Be warned - there is no law in America that would prevent people passing off any old shit as iberico ham. Something that has been reared and aged in the US is not iberico, no matter what label the producer may stick on it. On top of that, the rules on import are extremely tight and only a handful of suppliers pass them (it's good old-fashioned protectionism of the American pork industry). The real stuff will run you at least a few hundred dollars per pound, anything less than that and it's likely to be fake.

Yes, Genuine Spanish jamon is fucking amazing. However, the under-educated shitposters talking smack about American meat need to check themselves. American beef is considered some of the best in the world. The quality of our animals is without question, the issue is how we treat it after it's dead. Our beef has to be slaughtered before it's even 3 years old. We can only age it so long. Conditions have to be *just so*. This incentivizes younger, less flavourful, more rapid turn around animals fattened on grains. The laws exist to protect us from unscrupulous vendors who would just sell fucking garbage and filler back in the days before the FDA though.

Our laws definitely need reform and re-adjustment, but American food products aren't low quality. Our process however, is.

Also friendly reminder a few years ago a bunch of horsemeat did the rounds in the Euro beef supply.

Jamon has nothing to do with beef. You're mixing up piggy and moo moo.

Veeky Forums in a nutshell

You forgot to add something about "apologizing to shitskins" though

>The challenge in the US is getting your hands on the good stuff.

What a fucking meme.

The "challenge" with everything that is expensive and secretly total shit - is that it is always because we just haven't quite managed to get our hands on the good stuff.

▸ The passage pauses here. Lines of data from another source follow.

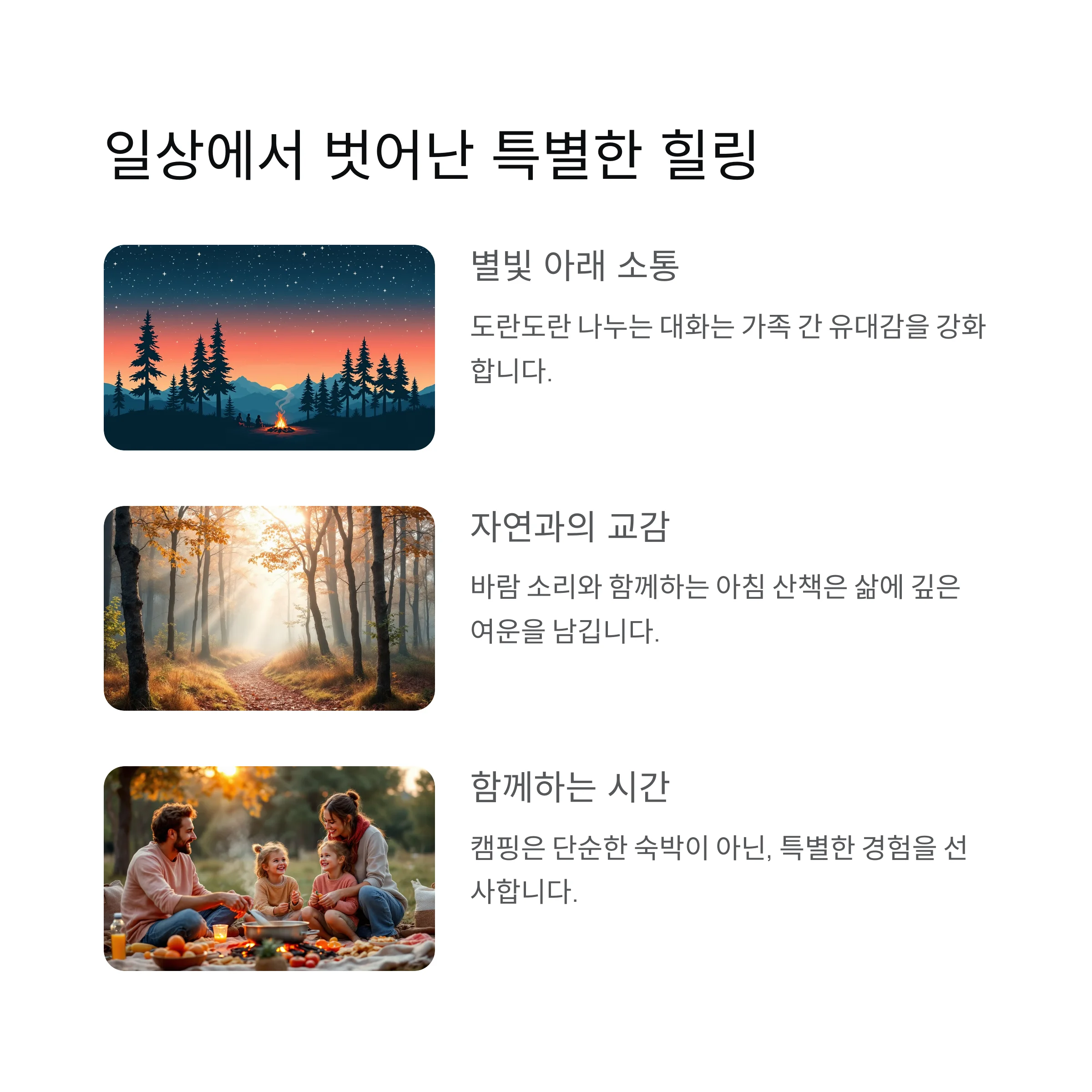 캠핑은 단순한 숙박이 아닌, 자연과 교감하고 가족과 소통하는 특별한 시간입니다.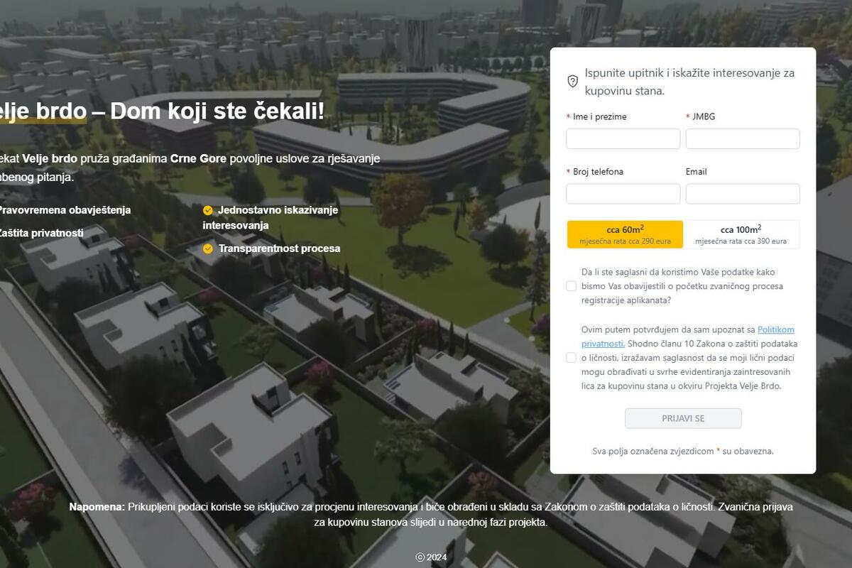 Takođe mogu da iskažu interesovanje za kupovinu stana od oko 60 eura za koji je, kako piše na sajtu mjesečna rada oko 290 eura ili za stan od oko 100 kvadrata za koji je mjesečna rata oko 390 eura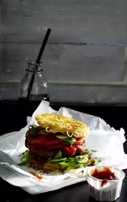 Cover 4 pasta cakes with 1 burger each. Spread ketchup, tomato slices, spring onions and rocket on top. Cover with the remaining noodle. Serve immediately.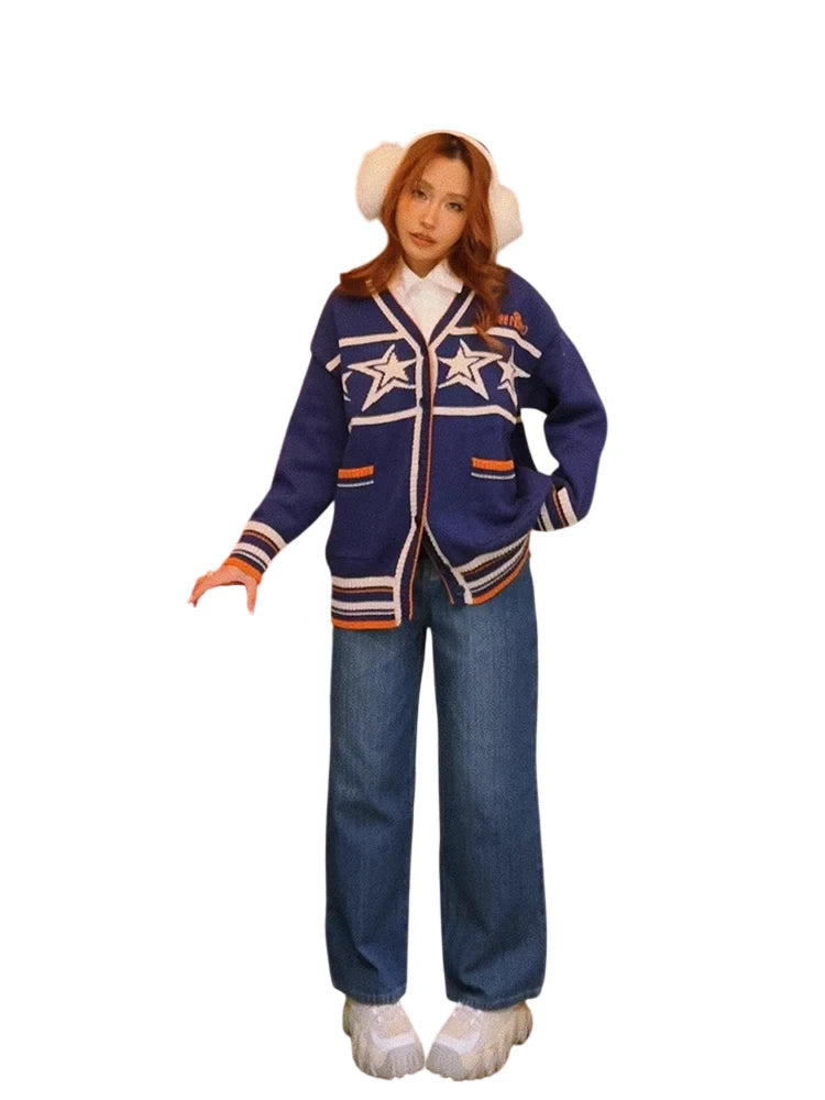 Stay warm and stylish with this women's retro V-neck knitted cardigan, perfect for autumn and winter seasons. Featuring a loose, laid-back fit for that effortless lazy look, this sweater stands out with bold white stars across the chest and sleeves. The contrast orange and white trim adds a pop of color, while the navy blue base keeps it classic. Ideal for layering over your favorite outfits, it's a cozy addition to any wardrobe.

It's a fucking bullshit romantic fantasy about a different land with better things.

The whole fucking story is always crap.

>Italian 'za is the best.
>Mexican food isn't mexican unless its made in mexico.
>You can't get lobster anywhere else in the world besides Maine.
>swissChocolate
>FrenchFaguettes
>ViennaSnausages


Its all fucking lies. The worst fucking meat I've ever put in my mouth was fucking pig meat in spain.

Who is this meat treat

Pretty sure it's the 5.2 diet chick

If you're eating it off a plate with only a little bread maybe, perhaps toasted and rubbed with garlic and then a tomato; in that case you wanna eat ibérico. Otherwise you can use whatever you want.